> [What is expected]
The lines to repeat are those below from the one containing "大和田 輝星稀さんを姓名の画数から五運を鑑定" down to the one containing "10小时-20小时-30小时均线 【断头铡刀】卖出点 看空信号,后市看跌,卖出", both included; reproduce them exactly and nothing else.

┌─ Data

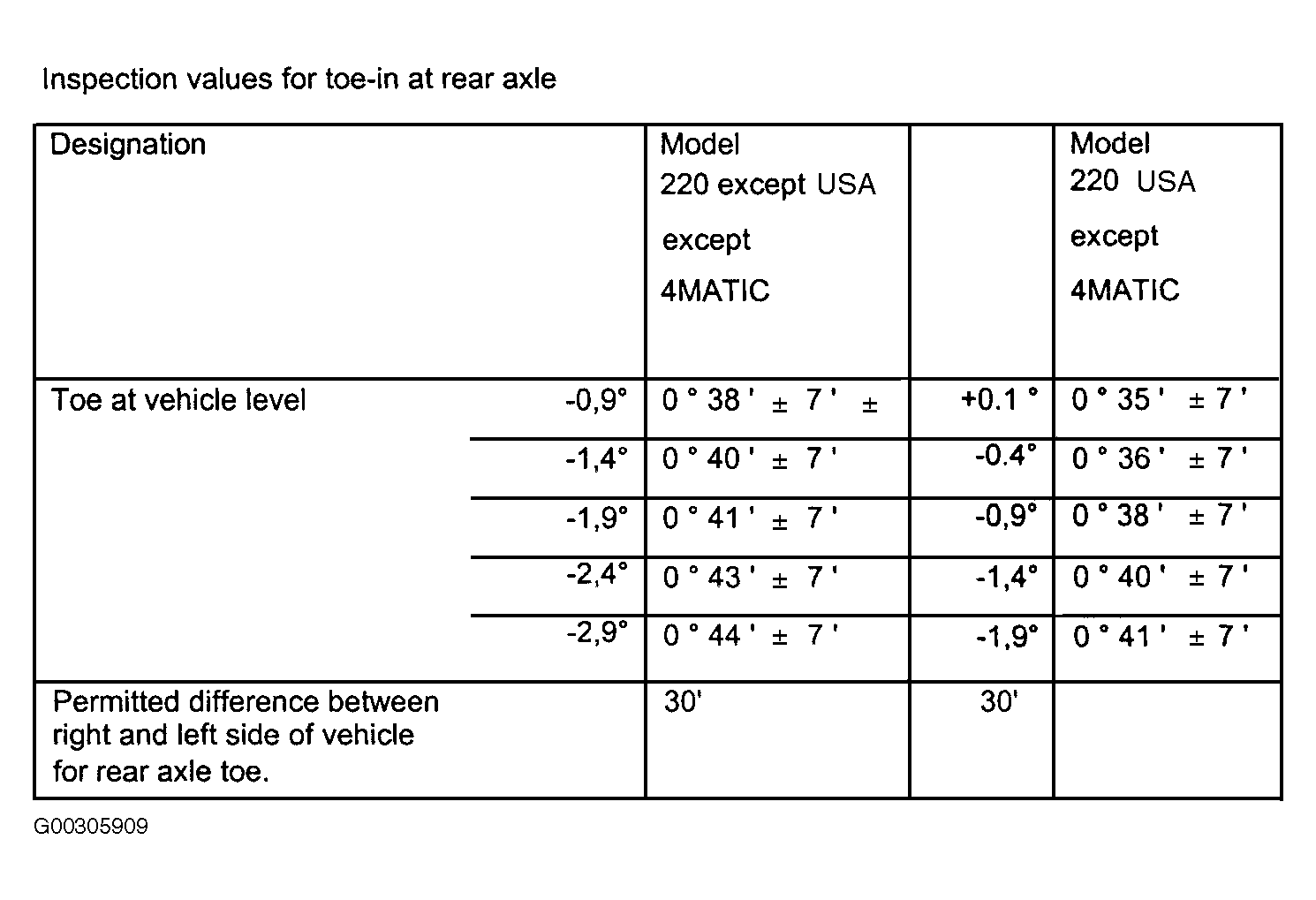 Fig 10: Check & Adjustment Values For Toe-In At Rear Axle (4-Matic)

└─
┌─ Data

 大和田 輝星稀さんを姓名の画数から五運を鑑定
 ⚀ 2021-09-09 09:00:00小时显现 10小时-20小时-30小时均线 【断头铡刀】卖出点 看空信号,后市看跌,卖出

└─
┌─ Data

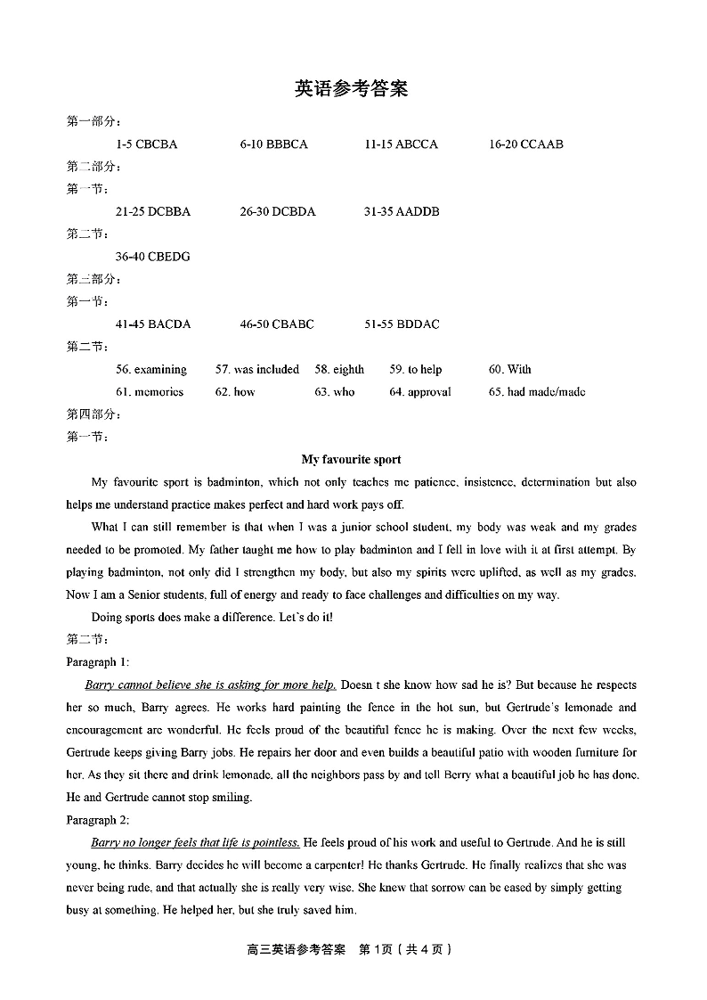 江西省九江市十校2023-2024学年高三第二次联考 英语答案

└─

> [Answer to this problem]
 大和田 輝星稀さんを姓名の画数から五運を鑑定
 ⚀ 2021-09-09 09:00:00小时显现 10小时-20小时-30小时均线 【断头铡刀】卖出点 看空信号,后市看跌,卖出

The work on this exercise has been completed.